◆ **The problem**
Starting with the first line below, extract each line through the one that contains "114 ㎡的户型都是三室两厅两卫,四开间朝南,餐客卧一字排开,整体面宽约 11.7", inclusive, excluding pictures.

◆ **Record set**
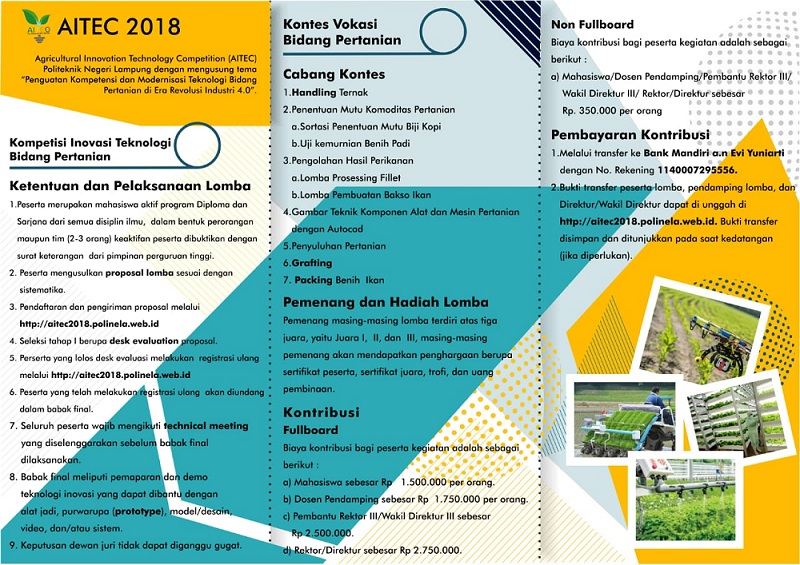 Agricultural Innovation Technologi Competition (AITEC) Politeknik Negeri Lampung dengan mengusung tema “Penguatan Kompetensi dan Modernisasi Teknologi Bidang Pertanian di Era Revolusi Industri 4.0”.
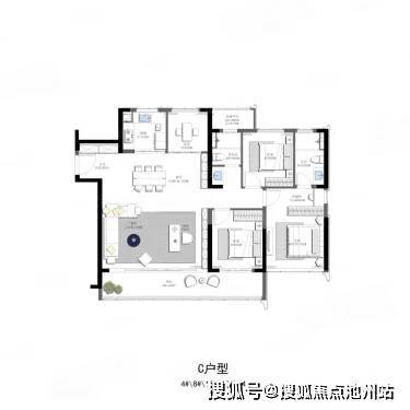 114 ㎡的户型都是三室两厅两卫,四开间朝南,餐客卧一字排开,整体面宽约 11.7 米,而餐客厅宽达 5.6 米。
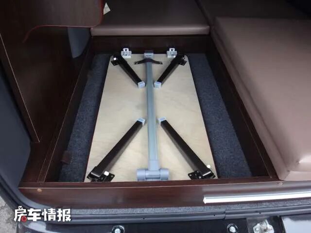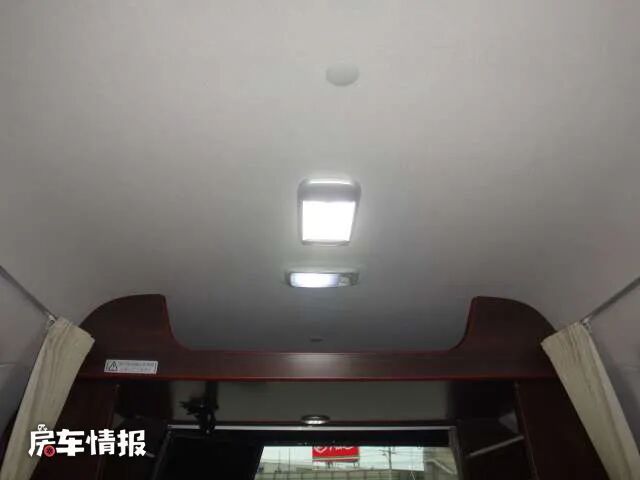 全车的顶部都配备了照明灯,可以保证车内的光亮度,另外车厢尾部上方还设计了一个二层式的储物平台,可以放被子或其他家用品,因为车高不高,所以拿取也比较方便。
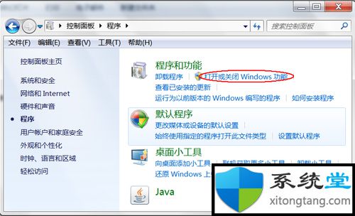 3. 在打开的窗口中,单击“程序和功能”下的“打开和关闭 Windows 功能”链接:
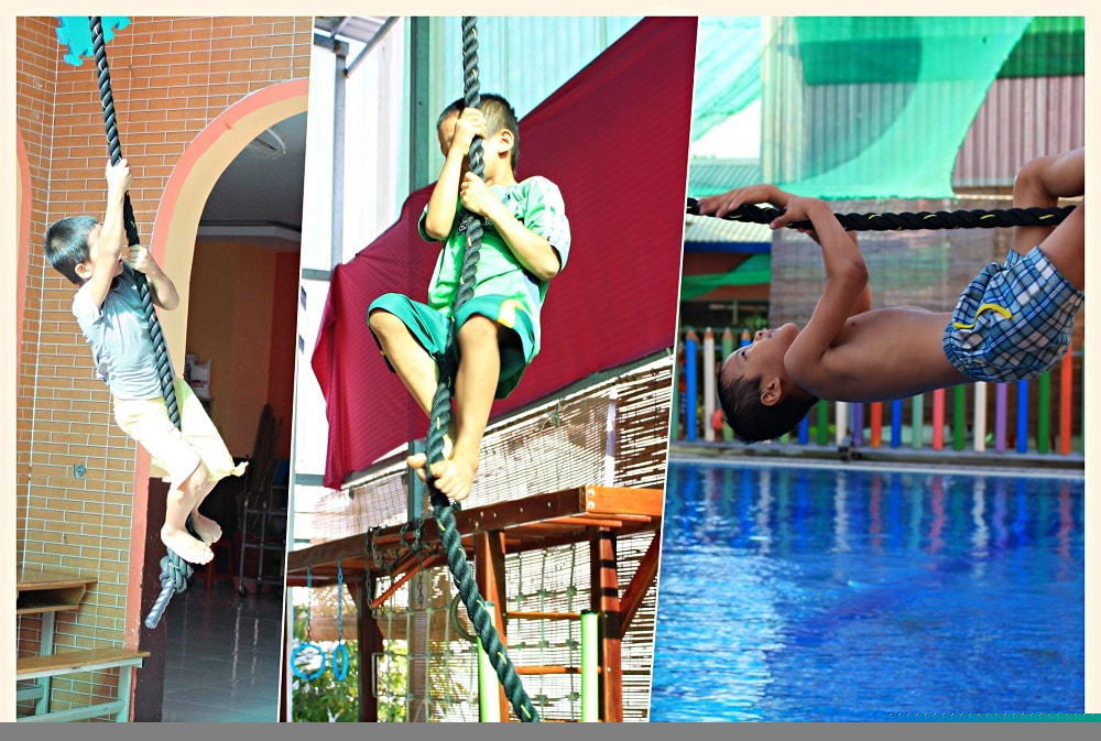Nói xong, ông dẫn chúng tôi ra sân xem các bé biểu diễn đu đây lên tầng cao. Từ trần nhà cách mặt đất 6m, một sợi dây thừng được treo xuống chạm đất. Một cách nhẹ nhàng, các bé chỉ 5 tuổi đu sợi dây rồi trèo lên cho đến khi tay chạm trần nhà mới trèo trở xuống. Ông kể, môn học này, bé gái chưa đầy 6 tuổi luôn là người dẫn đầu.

◆ **Reply to the task**
 Agricultural Innovation Technologi Competition (AITEC) Politeknik Negeri Lampung dengan mengusung tema “Penguatan Kompetensi dan Modernisasi Teknologi Bidang Pertanian di Era Revolusi Industri 4.0”.
 114 ㎡的户型都是三室两厅两卫,四开间朝南,餐客卧一字排开,整体面宽约 11.7 米,而餐客厅宽达 5.6 米。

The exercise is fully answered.